There’s an unfortunate habit of the media, and even industry executives, to underestimate Apple. Do you remember when the iPhone came out, and how Steve Ballmer famously announced, “There’s no chance that the iPhone is going to get any significant market share”?
Of course, when you look at the market share of the various Windows Phone products, you could almost apply that comment to them nowadays. Clearly Ballmer didn’t have a clue, or hoped and dreamed he might be right that the iPhone couldn’t possibly succeed. Indeed, Steve Jobs at first had very modest expectations, saying he’d be happy of global market share exceeded one percent at the end of 2008. It reached an estimated 1.9 percent.
In 2011, IDC predicted that Windows Phone would overtake the iPhone’s market share by 2015, and that Apple would take the number three slot just ahead of BlackBerry. I just hope that nobody paid IDC for that analysis, and if they did, they should ask for a refund. Both Windows Phone and BlackBerry are now vying for irrelevance, although Microsoft will soon to introduce new Nokia handsets that support the mobile version of Windows 10.
Funny how the facts often get in the way when people are denigrating Apple. And I won’t dwell on the fact that the iPhone has pretty much sucked the profits from the smartphone industry. Samsung gets some, most of the other handset makers barely break even or lose money.
So we know what Apple can do when it comes to smartphones.
When the iPad arrived, no less than Bill Gates told us how it was a bad idea. This coming from someone who touted tablets, only to find them reduced to a few vertical markets. That concept of giving traditional note-books touchscreen displays is still in full force in the PC universe, although still not quite successful.
But with rumors arising over the possibility that there may be an Apple Car come 2019, you can bet that auto industry executives — or former executives — are busy telling us that our favorite fruit company hasn’t a clue. They are in the wrong business, and might as well bail before wasting too much money.
On the other hand, Apple has over $200 billion in cash lying around, so a lot of cash has to be burned on a project before it becomes too much.
Understand that there is no official confirmation that Apple is working on a car, or that if they are, that it will ever go into production. Yes, I know about the rumors, but Apple routinely works on new product concepts, and only a few make it to the production line. Consider the rumors over an Apple smart TV set that have more or less become stillborn over claims that the project was abandoned. Or maybe it never existed in the first place.
Now one of the most outspoken former auto executives is Bob Lutz, a former General Motors vice chairman who headed up global product development among other divisions. So one expects he knows a lot about designing and building a motor vehicle, which is why what he says might be taken seriously, although he did most of his work at GM before the bankruptcy and restructuring. But he probably knows nothing about Apple’s intentions beyond what’s been reported in the press.

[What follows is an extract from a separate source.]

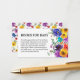 Projetada para coordenar com nossa 'Bright & Bold Floral Chá de fraldas' Suite - esta placa fofa apresenta o texto 'Livros para Bebê', uma mensagem personalizável e decorada com vibrantes coloridas aquáticas pintadas manualmente flores e verde botânico. Um jogo de diversão popular para novos pais pedirem a familiares e amigos.

That did not stop him from stating, in a recent CNBC interview, that Apple’s auto project is “a gigantic money pit.” His argument, echoing what was said about the iPhone in 2007, is that Apple has no experience in making cars, so how could they “suddenly do a better job than General Motors, Ford, Volkswagen, Toyota, or Hyundai?”
Now maybe he should have second thoughts about VW, since that company is facing serious troubles because they pulled a dirty trick to enable vehicles with diesel engines to pass emissions requirements. The scheme involved installing software that would turn on emission controls strictly to pass government tests, but otherwise disable it, meaning that these cars would spew up to 40 times more junk in the atmosphere under normal use.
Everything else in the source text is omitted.